China’s consumer price inflation increased in January with the rise in demand during the Lunar New Year holiday and the easing of Covid restrictions, while the decline in producer prices deepened due to falling commodity prices, official data revealed Friday.
Consumer price inflation rose to 2.1 percent in January from 1.8 percent in December, the National Bureau of Statistics reported Friday. This was slightly below economists’ forecast of 2.2 percent.
Food prices gained 2.6 percent, slower than the 4.8 percent increase in December. Prices of pork, a staple meat in China, grew 11.8 percent. At the same time, non-food price inflation climbed to 1.2 percent from 1.1 percent.
Excluding volatile food and energy prices, core inflation advanced to 1.0 percent from 0.7 percent.
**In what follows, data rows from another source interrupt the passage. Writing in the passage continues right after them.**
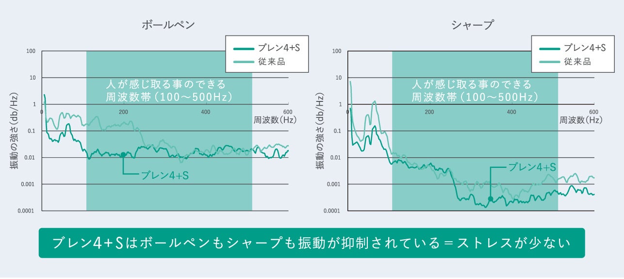 『ブレン4+S』は、ボールペンでもシャープでも人が感じ取る事のできる周波数帯で振動値が従来品に比べて低く、制御されていることがわかっています。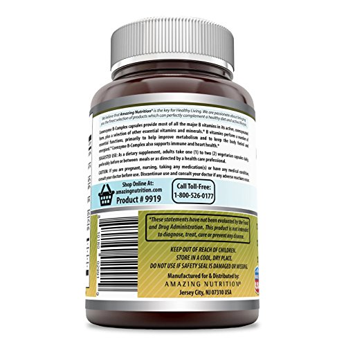 -. Binding : Health and Beauty -. Brand : Amazing Nutrition -. EAN : 0810180029919 -. Feature : SUPPORT FOR OVERALL HEALTH - B vitamins are needed for many bodily functions from metabolizing food to producing energy to keeping the heart and nervous system healthy / ALL NATURAL COMPLETE B COMPLEX You get all the essential B vitamins with our easy-to-take vitamin B Vegetarian Capsules, simplifying good nutrition. Our complex B vitamin is free of artificial preservatives, flavors, dyes and sweeteners. / BALANCED BLEND Our B complex formulation gives you a balanced dosage of the 11 key nutrients in a form that is easy for the body to absorb. / QUALITY YOU CAN TRUST All Amazing Formulas products are manufactured in accordance with Good Manufacturing Practices (GMP), among the highest standards in the world. / PURITY & POTENCY All our products are proudly made in USA with Guaranteed Purity & Potency. We offer best quality products for the best value. All our products are Third Party Tested. We do not compromise on quality. -. IsAdultProduct : 0 -. Label : Amazing Nutrition -. Manufacturer : Amazing Nutrition -. MPN : 9919 -. PackageQuantity : 1 -. PartNumber : 9919 -. ProductGroup : Health and Beauty -. ProductTypeName : HEALTH_PERSONAL_CARE -. Publisher : Amazing Nutrition -. Studio : Amazing Nutrition -. Title : Amazing Formulas Coenzyme B-Complex - 120 Vegetarian Capsules - Supports Heart & Nervous System - Boosts Energy - Supports Overall Health & Well-being -. UPC : 810180029919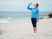 atrakcyjne sportsmenka, rozciągający się na plaży z butelka sportowa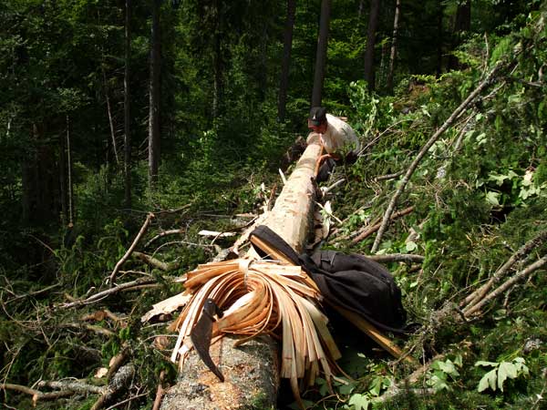 En complément à la réponse à la devinette 41, il fallait choisir la réponse A, des bûcherons spécialisés dits "sangliers" qui taillent des lanières de bois (des sangles, d'où leur nom), utilisées pour cercler les fromages Mont d'Or et leur donner une saveur inimitable ! Cette sangle est la bande brune en épicéa qui parfume fromage et qui reste collée dans la boite lorsque le fromage est mangé ! Voici quelques autres photos prises celles-ci, non à Champfromier, mais à Chapelle des Bois dans le Doubs.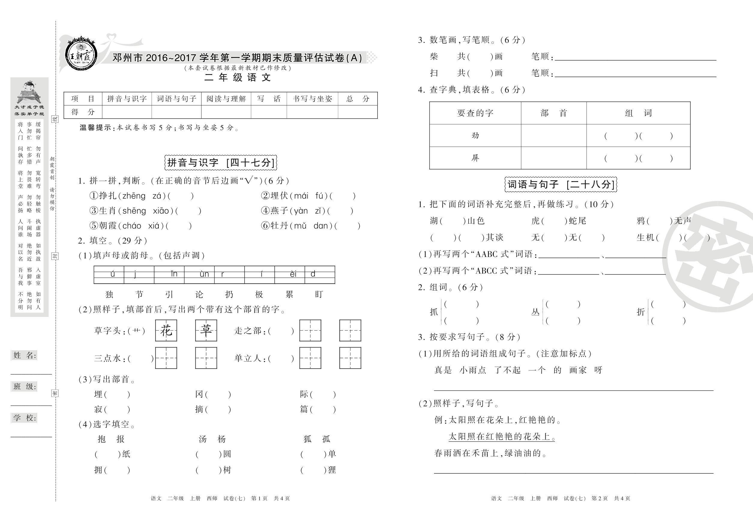 2016-2017学年第一学期邓州市二年级语文试卷(西师版)【7】

On a monthly comparison, consumer prices gained 0.8 percent in January, slightly faster than the expected growth of 0.7 percent.
Capital Economics’ economist Julian Evans-Pritchard said he expects inflation to rise further in the near-term, though not by as much as in many other countries when they reopened. As such, inflation probably would not be a near-term constraint on the central bank’s ability to ease policy.
The economist anticipates further cuts to policy rates before long, the first of which might come as soon as next Wednesday.
Another report from the NBS showed that producer prices declined at a faster pace of 0.8 percent after easing 0.7 percent in December. Economists had forecast prices to drop 0.5 percent.